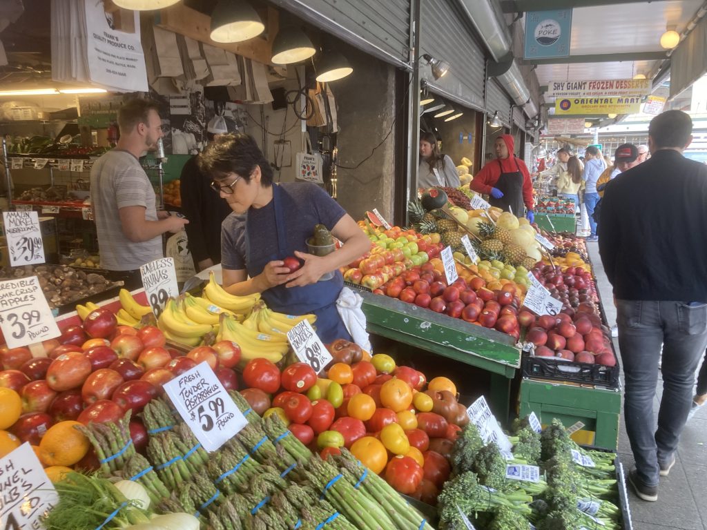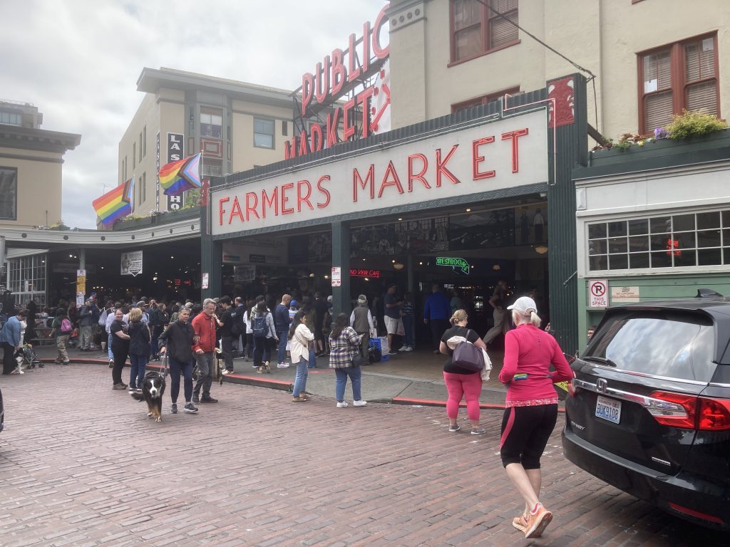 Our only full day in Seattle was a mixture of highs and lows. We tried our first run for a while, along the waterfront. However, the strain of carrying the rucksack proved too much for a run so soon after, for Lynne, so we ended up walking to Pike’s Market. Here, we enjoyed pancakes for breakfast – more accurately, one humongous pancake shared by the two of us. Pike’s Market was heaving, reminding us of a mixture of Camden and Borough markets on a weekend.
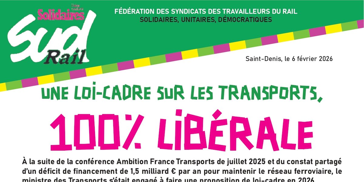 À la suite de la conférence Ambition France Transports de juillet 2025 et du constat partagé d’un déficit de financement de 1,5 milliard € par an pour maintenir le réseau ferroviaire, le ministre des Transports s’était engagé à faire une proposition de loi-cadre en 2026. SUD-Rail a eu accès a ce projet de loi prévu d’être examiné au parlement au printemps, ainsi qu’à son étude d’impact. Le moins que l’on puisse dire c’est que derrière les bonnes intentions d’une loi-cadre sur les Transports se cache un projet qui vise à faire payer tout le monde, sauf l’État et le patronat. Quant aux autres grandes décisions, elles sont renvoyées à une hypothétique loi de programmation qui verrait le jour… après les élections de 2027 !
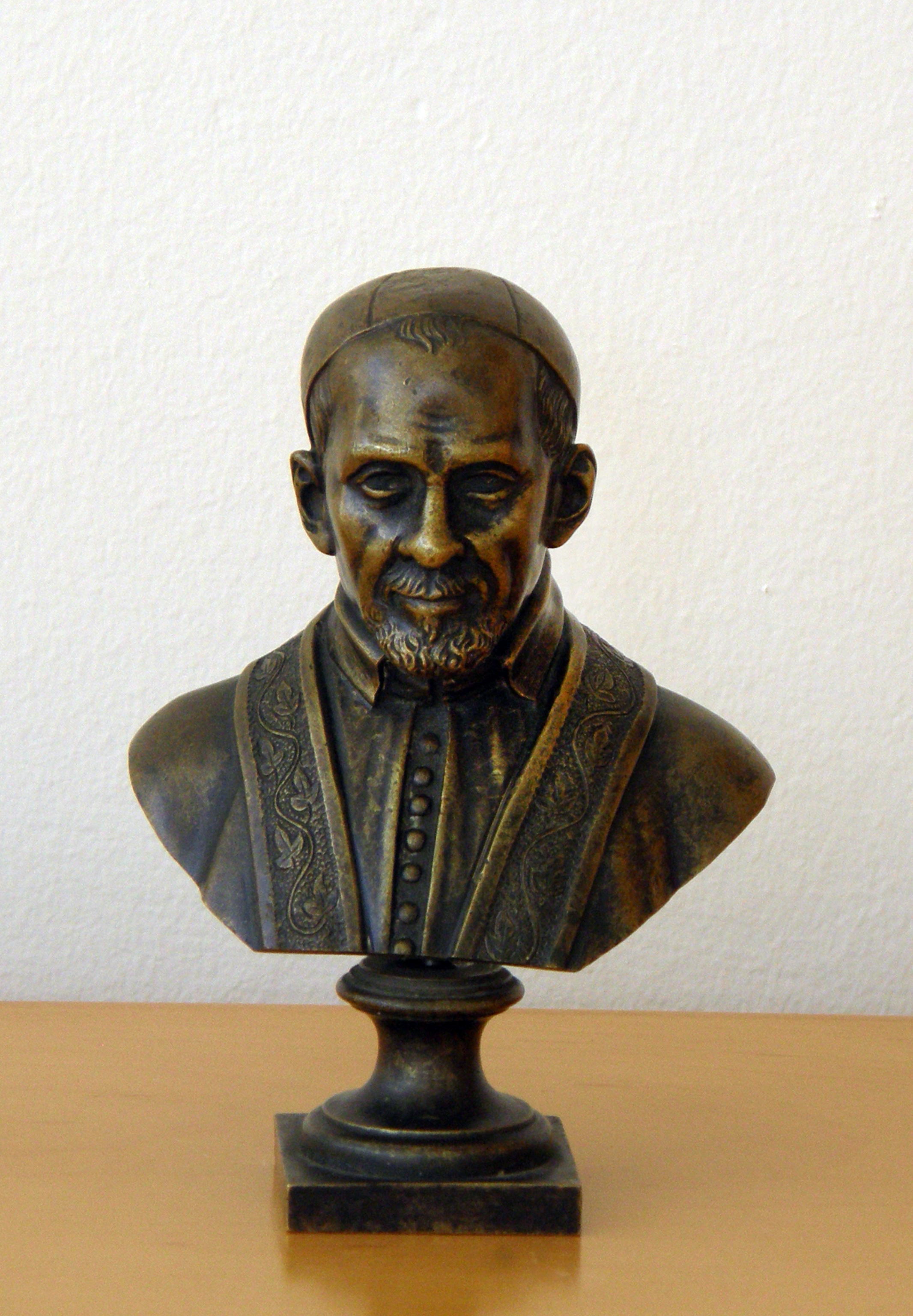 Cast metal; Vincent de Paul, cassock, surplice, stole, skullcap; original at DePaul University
...
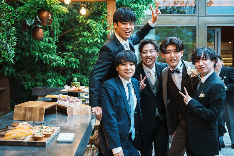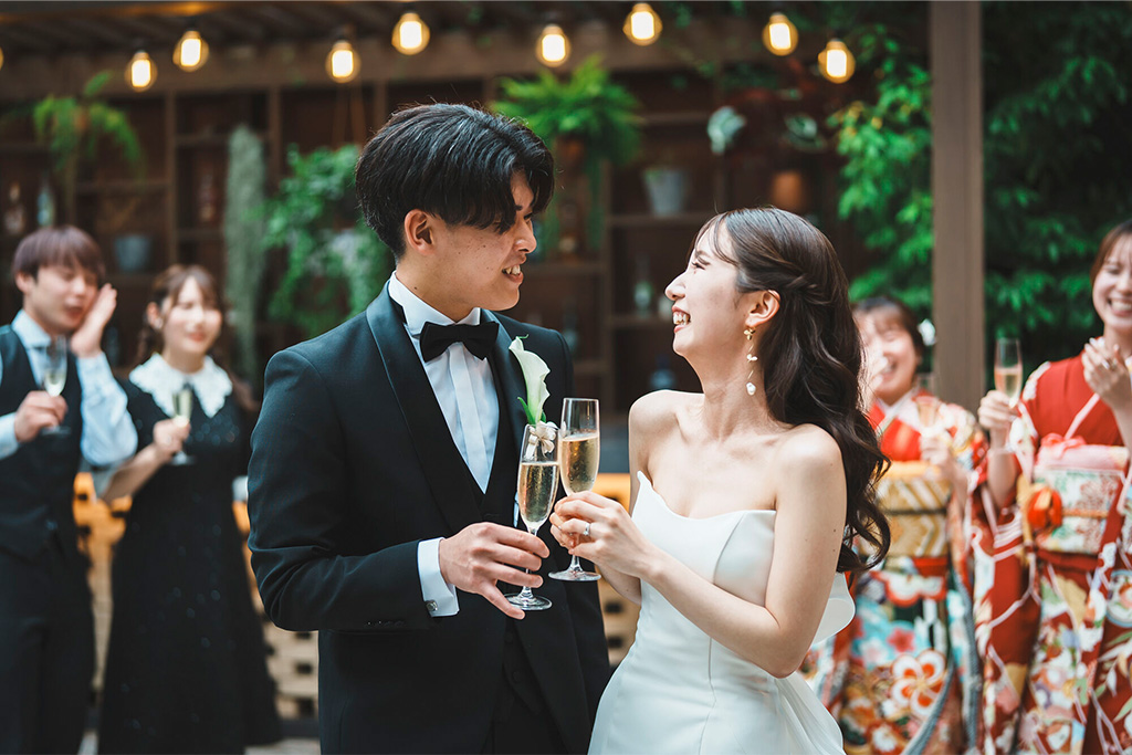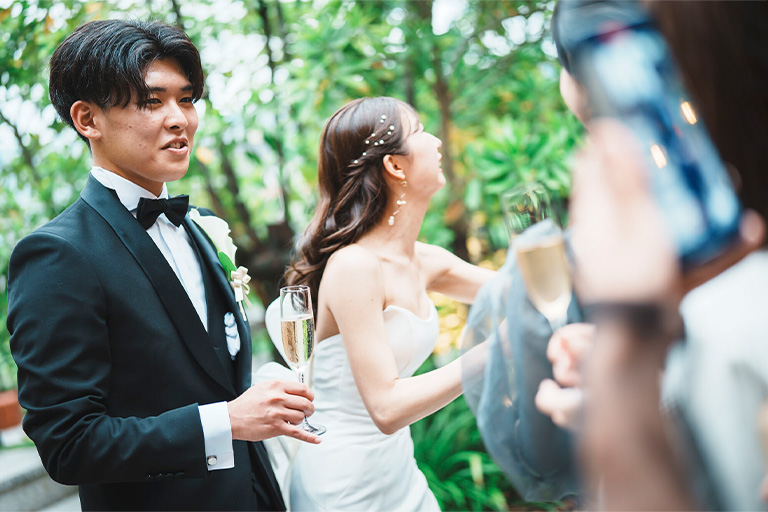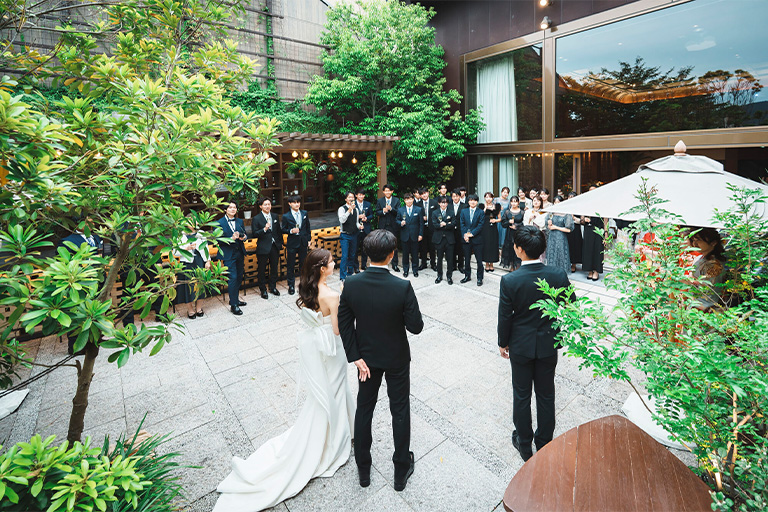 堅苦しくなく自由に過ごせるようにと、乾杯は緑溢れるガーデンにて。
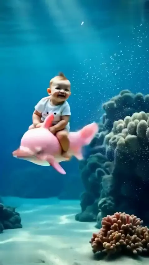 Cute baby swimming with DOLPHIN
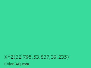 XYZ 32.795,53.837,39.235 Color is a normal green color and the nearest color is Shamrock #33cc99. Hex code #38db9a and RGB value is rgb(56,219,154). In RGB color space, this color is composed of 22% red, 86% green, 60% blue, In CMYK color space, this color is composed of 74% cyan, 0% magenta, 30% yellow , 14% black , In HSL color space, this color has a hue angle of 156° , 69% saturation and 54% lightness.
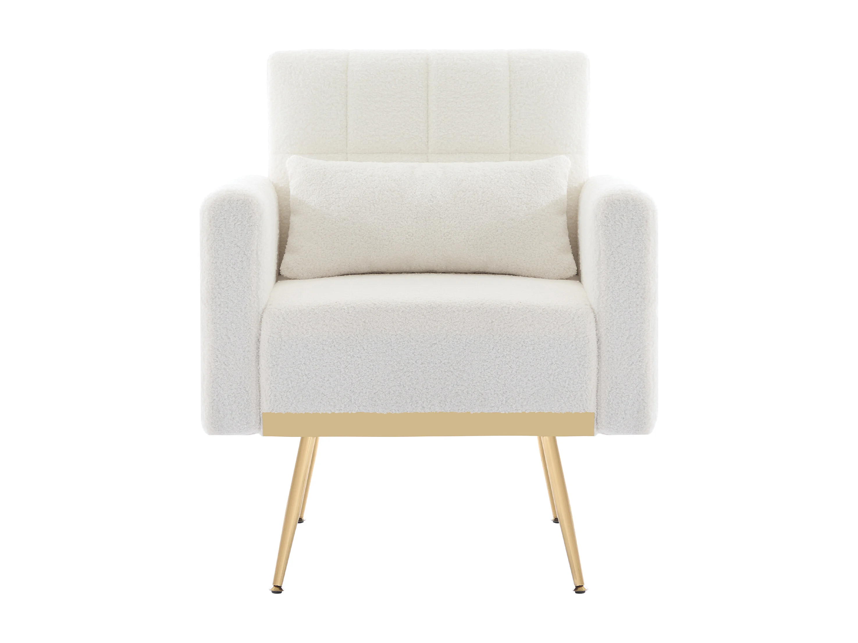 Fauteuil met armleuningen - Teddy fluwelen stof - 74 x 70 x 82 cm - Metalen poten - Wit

◆ Problem requirements
Find where the line with "Cute baby swimming with DOLPHIN" sits in the material above and where the line with "Fauteuil met armleuningen" sits. Set down exactly the lines from the first to the second, both included and nothing else, without pictures.

◆ Response to the task
 Cute baby swimming with DOLPHIN
 XYZ 32.795,53.837,39.235 Color is a normal green color and the nearest color is Shamrock #33cc99. Hex code #38db9a and RGB value is rgb(56,219,154). In RGB color space, this color is composed of 22% red, 86% green, 60% blue, In CMYK color space, this color is composed of 74% cyan, 0% magenta, 30% yellow , 14% black , In HSL color space, this color has a hue angle of 156° , 69% saturation and 54% lightness.
 Fauteuil met armleuningen - Teddy fluwelen stof - 74 x 70 x 82 cm - Metalen poten - Wit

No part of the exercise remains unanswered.